In honor of the Obama’s campaign’s decision to adopt a creative commons copyright license over a traditional copyright, I’ve added a video of the Health Care Transition Team responding to calls for citizen feedback on how to address the health care issue. The video includes former Senate Majority Leader and soon to be Health and Human Services Secretary Tom Daschle (BTW — I dig the red specs).
Matthew Burton is underwhelmed about the whole thing. I’m definitely whelmed (which apparently means the same as overwhelmed). While the clip fails to uncover the magic bullet solution to the health care crisis, it does something perhaps as important — it brings thousands of people into the conversation about the health care issue. The participatory potential for the web is not that it will turn every American into a policy wonk. God forbid! Seriously! The promise is that it will democratize the process of elite selection. All the participatory tools in the world are not going to yield more that a subset of Americans to be engaged in most policy issues. But having an additional 4,000 voices in a discussion can help policy makers identify blind spots that a handful of “experts” might overlook. This video has amassed 3,700 comments in 36 hours. The big question for those of us who think and write about stuff like this is what happens to those 3,700 after they have watched the video and posted a comment? Do they read the other posts?
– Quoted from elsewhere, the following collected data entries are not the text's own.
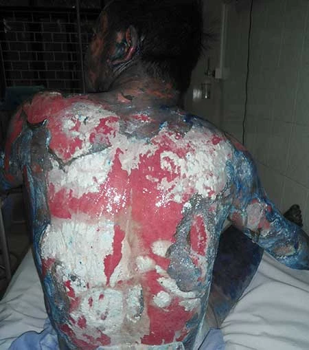 Bệnh nhân bị trợt da toàn thân do ngộ độc thuốc Đông y. Ảnh: DL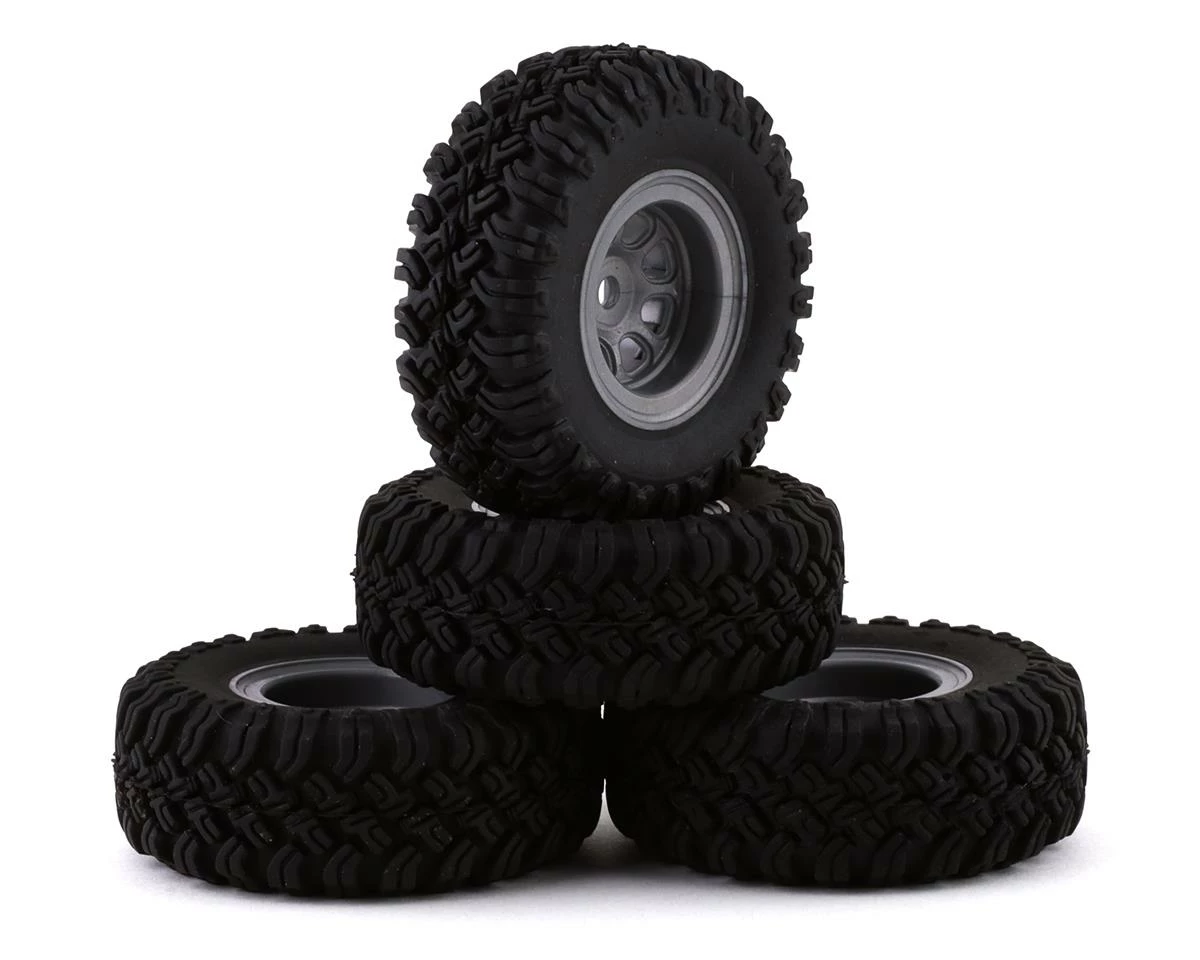 This set of four HobbyPlus CR-24 Grey Beadlock Grabber M/T 1.0″ Pre-Mounted Tires are intended for use with the CR-18 Scale Mini Crawlers. These pre-mounted tires feature an approximate 1.8x.65″ profile, with an aggressive and incredibly realistic tread pattern and sidewall details. The 1.0″ beadlock wheels feature a 3-piece design with an 8 spoke D-hole pattern to complete the package. Package includes four pre-mounted tires.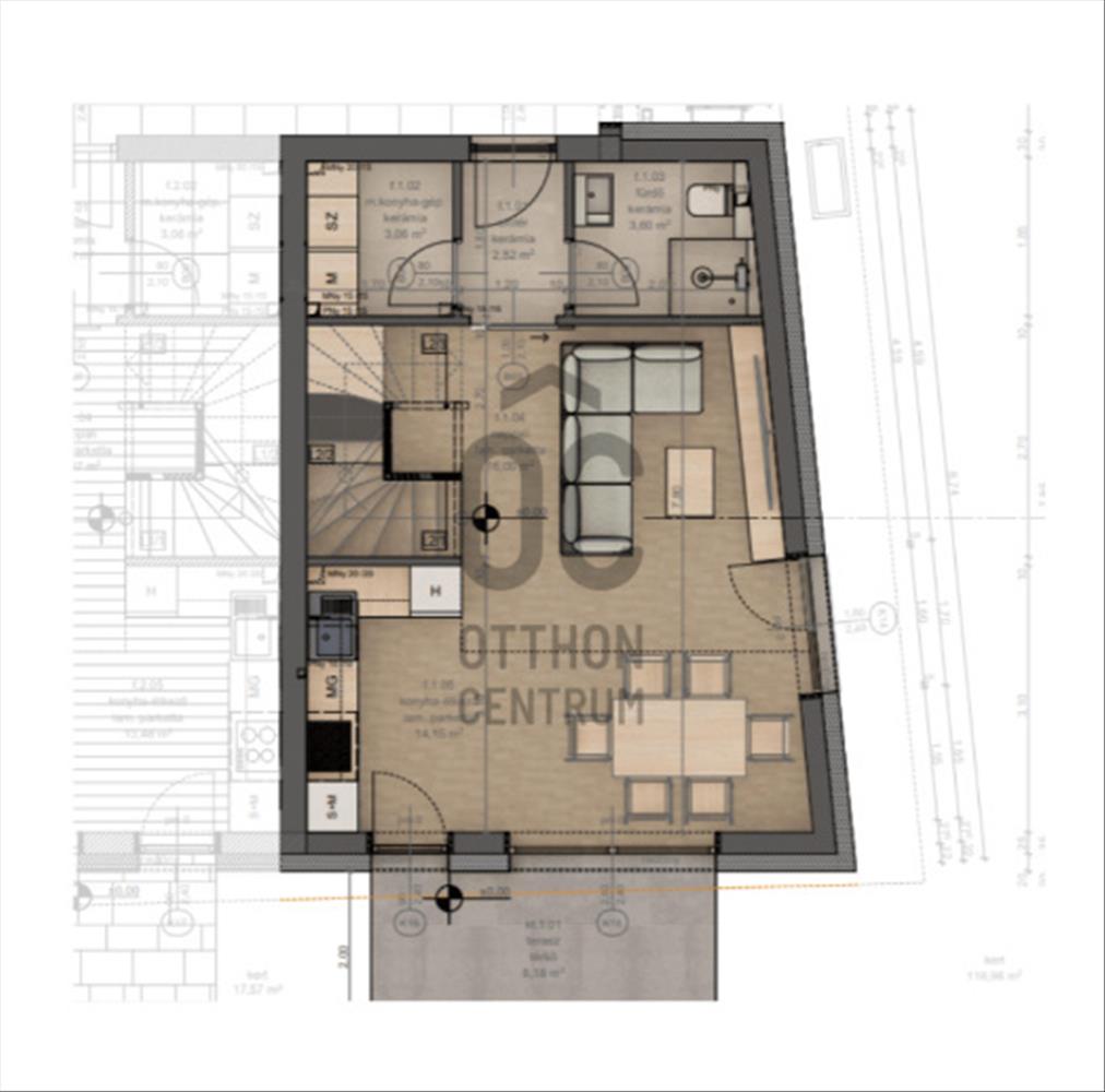 - Saját, kizárólagos használatú kert: 117 m²
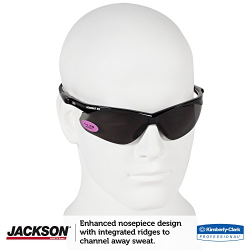 These Jackson Safety Nemesis V60 Vision Correction Safety Glasses with +1.5 Diopters have a black frame and smoke lenses – they’re ideal for outdoor use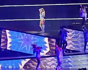 The show begins with a countdown displayed on a large screen, with the line "Don't call me Gaga" repeatedly played from the speakers. After Gaga shouts out that she instead wants to be called Joanne, she starts performing "Diamond Heart", standing solely on a raised platform with a microphone stand. She then moves on to sing "A-Yo", while playing on a guitar, and her dancers and guitarists also appear on stage.[34] The show then continues with a choreographed performance of "Poker Face" with her dancers clad in black cowboy-style leather costumes. The first act of the show is concluded by "Perfect Illusion", followed by a video interlude that shows Gaga driving a vintage convertible letting out pink smoke. "John Wayne" is performed with pyrotechnic effects alongside her dancers. This is followed by "Scheiße", performed on the raised platforms.[34] After a solo performance of "Alejandro", Gaga leaves the stage for a costume change.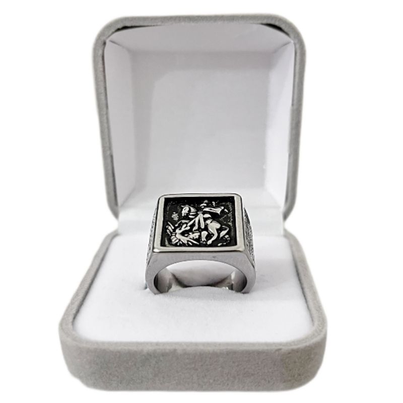 Anel Masculino Oração São Jorge Aço Inox 316L Proteção Prateado

Are they promoting their own blog? What results from this semi-structured, popcorn popper of ideas, insults, and negotiations? Citizens!?!?!
Comments 2
andrew m. lindner — December 4, 2008
In my Media and Society class, we've talked a lot about the potential of the Internet for deliberative democracy (thinking about things like wikis of proposed legislation, comments on newspapers articles, etc.). Most of my students are enamored with the possibilities that such ventures offer, but are concerned about the low level of civility in Internet-based debates where anonymity allows people say nasty things without repercussions. My own concern is that many of these opportunities for debate only attract extreme partisans. I'm not sure if that's empirically true though.